§ Recorded data:
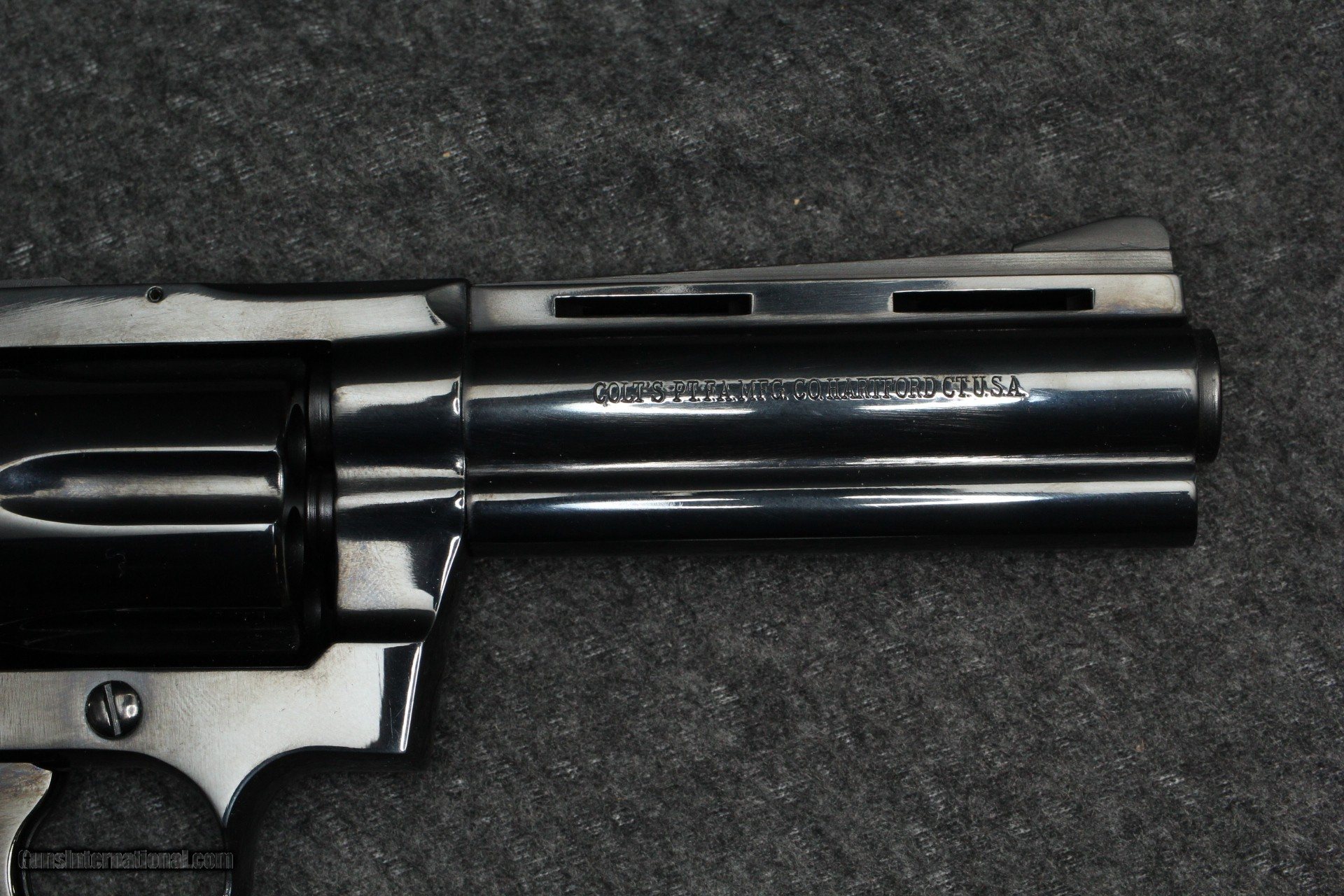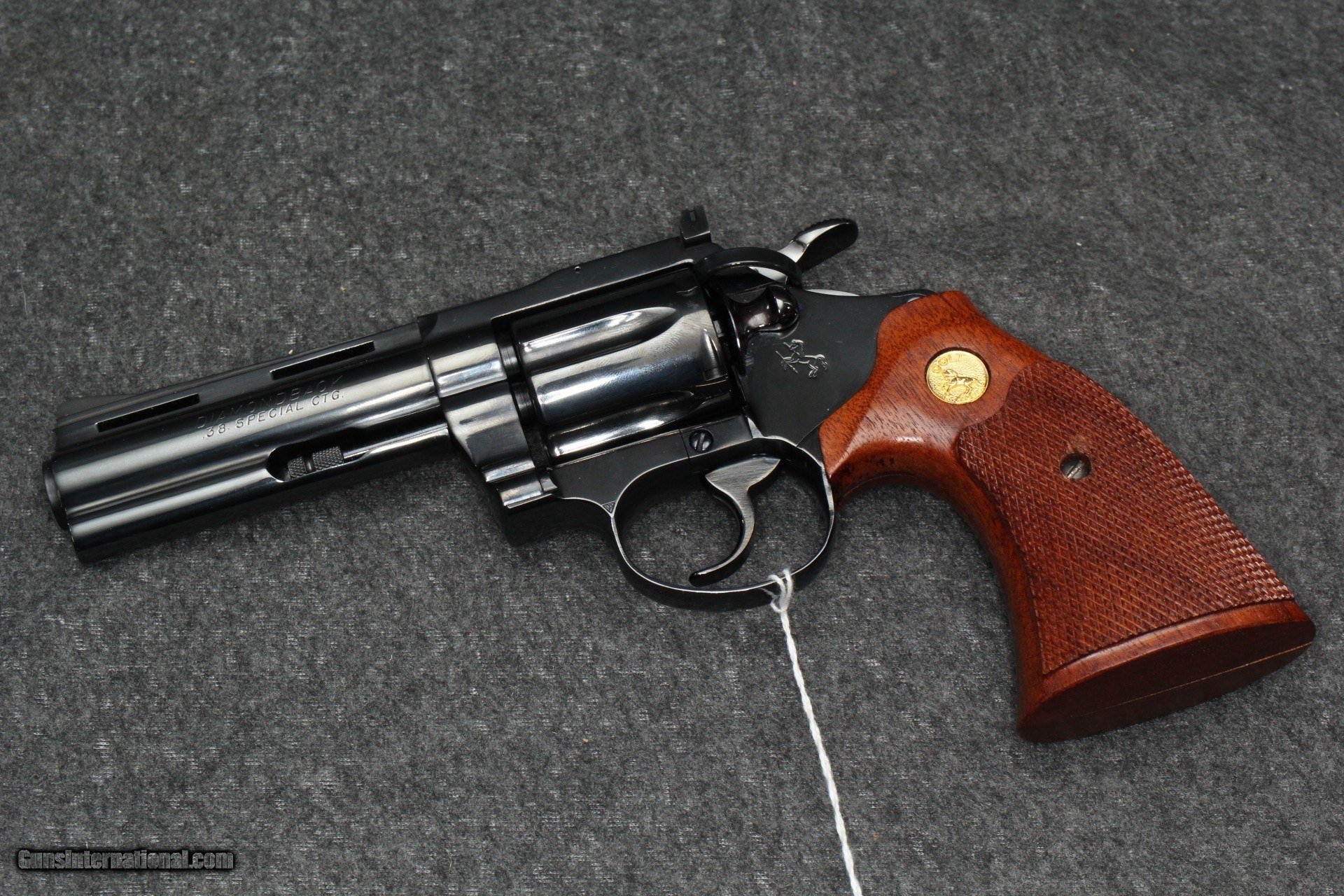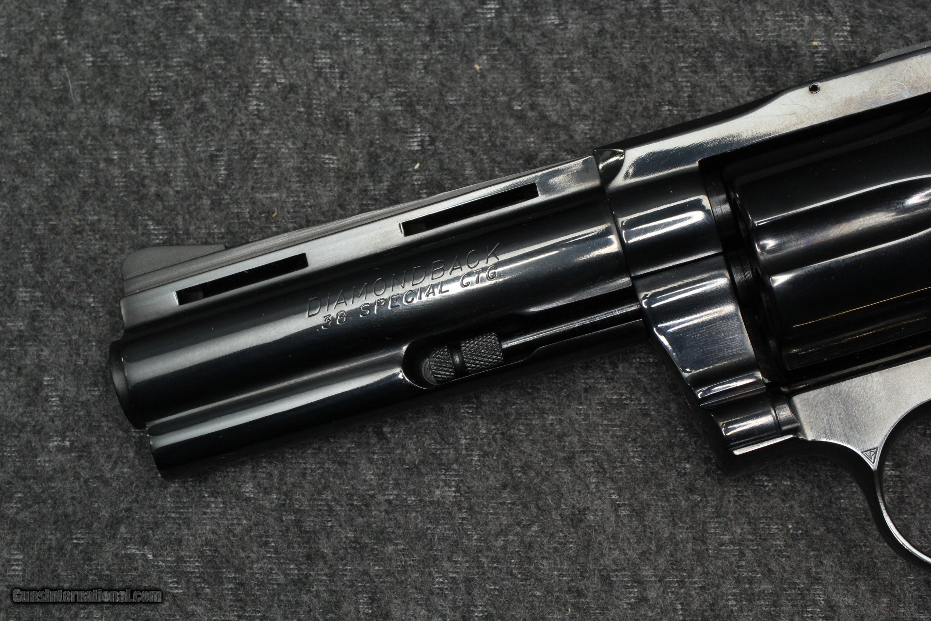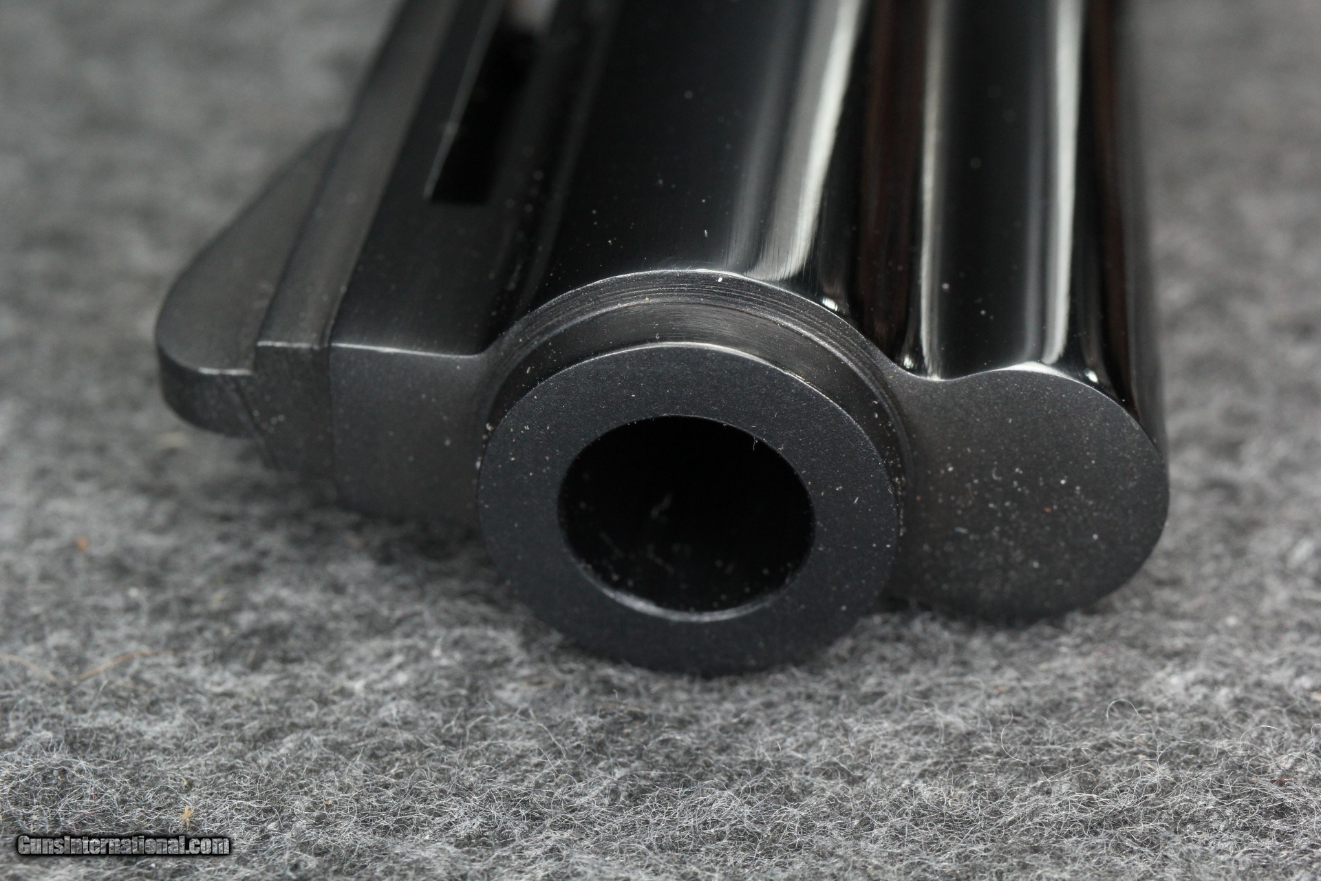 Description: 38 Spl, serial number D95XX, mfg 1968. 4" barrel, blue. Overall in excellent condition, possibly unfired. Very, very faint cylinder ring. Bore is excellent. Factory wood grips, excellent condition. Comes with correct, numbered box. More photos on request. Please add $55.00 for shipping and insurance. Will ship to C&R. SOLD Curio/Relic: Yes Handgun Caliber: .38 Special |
---
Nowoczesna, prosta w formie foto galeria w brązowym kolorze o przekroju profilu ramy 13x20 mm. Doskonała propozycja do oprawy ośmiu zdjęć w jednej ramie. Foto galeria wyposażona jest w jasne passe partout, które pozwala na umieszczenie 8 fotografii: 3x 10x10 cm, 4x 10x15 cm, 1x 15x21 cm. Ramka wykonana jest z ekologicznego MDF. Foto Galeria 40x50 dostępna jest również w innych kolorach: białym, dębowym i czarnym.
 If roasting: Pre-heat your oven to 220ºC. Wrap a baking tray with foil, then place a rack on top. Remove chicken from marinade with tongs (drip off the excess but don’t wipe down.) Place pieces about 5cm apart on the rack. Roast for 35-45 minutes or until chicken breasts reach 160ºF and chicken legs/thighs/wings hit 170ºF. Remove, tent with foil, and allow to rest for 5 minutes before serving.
==
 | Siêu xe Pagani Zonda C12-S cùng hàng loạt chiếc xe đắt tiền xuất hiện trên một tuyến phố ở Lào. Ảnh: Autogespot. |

§ What is needed:
Set down, from the entries above, exactly the lines from the one with "Nowoczesna, prosta w" up to and including the one with "If roasting: Pre-heat", and no other lines.

§ Answer for this exercise:
Nowoczesna, prosta w formie foto galeria w brązowym kolorze o przekroju profilu ramy 13x20 mm. Doskonała propozycja do oprawy ośmiu zdjęć w jednej ramie. Foto galeria wyposażona jest w jasne passe partout, które pozwala na umieszczenie 8 fotografii: 3x 10x10 cm, 4x 10x15 cm, 1x 15x21 cm. Ramka wykonana jest z ekologicznego MDF. Foto Galeria 40x50 dostępna jest również w innych kolorach: białym, dębowym i czarnym.
 If roasting: Pre-heat your oven to 220ºC. Wrap a baking tray with foil, then place a rack on top. Remove chicken from marinade with tongs (drip off the excess but don’t wipe down.) Place pieces about 5cm apart on the rack. Roast for 35-45 minutes or until chicken breasts reach 160ºF and chicken legs/thighs/wings hit 170ºF. Remove, tent with foil, and allow to rest for 5 minutes before serving.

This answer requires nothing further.